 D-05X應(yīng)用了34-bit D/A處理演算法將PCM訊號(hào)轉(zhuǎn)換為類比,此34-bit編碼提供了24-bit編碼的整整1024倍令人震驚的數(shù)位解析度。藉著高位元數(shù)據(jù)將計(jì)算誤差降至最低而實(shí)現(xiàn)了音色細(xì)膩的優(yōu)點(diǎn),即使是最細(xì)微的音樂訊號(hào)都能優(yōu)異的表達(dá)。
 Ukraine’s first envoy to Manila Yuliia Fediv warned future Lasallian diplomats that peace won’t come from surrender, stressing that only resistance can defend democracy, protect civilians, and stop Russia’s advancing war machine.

----

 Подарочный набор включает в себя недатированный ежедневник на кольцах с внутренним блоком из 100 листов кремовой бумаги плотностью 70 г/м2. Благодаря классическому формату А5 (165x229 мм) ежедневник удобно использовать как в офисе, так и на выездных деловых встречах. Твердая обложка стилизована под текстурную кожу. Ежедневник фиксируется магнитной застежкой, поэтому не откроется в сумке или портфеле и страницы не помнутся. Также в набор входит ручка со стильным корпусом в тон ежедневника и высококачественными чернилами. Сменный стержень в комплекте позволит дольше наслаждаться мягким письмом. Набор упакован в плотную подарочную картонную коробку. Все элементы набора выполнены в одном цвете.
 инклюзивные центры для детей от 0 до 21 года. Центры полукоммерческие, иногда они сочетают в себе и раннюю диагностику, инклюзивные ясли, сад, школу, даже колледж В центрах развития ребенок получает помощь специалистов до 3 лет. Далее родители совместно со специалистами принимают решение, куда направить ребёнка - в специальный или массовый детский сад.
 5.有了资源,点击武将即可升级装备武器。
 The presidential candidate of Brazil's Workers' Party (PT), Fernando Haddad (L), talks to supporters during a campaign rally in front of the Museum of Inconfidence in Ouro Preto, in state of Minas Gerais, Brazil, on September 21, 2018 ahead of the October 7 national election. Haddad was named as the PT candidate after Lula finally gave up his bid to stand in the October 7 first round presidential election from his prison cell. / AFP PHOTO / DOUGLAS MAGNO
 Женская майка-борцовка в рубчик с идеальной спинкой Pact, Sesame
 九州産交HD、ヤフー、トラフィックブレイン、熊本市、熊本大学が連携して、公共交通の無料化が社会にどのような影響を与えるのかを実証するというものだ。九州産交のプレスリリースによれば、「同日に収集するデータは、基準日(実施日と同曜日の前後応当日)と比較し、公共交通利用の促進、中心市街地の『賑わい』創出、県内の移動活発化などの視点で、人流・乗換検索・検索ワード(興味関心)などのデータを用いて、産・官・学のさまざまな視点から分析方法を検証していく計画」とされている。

----

**TASK REQUIREMENTS:**
Starting at the line above that contains "D-05X應(yīng)用了", repeat each line exactly up to and including the line that contains "Ukraine’s first envoy", and stop there.

**SOLUTION TO THIS TASK:**
 D-05X應(yīng)用了34-bit D/A處理演算法將PCM訊號(hào)轉(zhuǎn)換為類比,此34-bit編碼提供了24-bit編碼的整整1024倍令人震驚的數(shù)位解析度。藉著高位元數(shù)據(jù)將計(jì)算誤差降至最低而實(shí)現(xiàn)了音色細(xì)膩的優(yōu)點(diǎn),即使是最細(xì)微的音樂訊號(hào)都能優(yōu)異的表達(dá)。
 Ukraine’s first envoy to Manila Yuliia Fediv warned future Lasallian diplomats that peace won’t come from surrender, stressing that only resistance can defend democracy, protect civilians, and stop Russia’s advancing war machine.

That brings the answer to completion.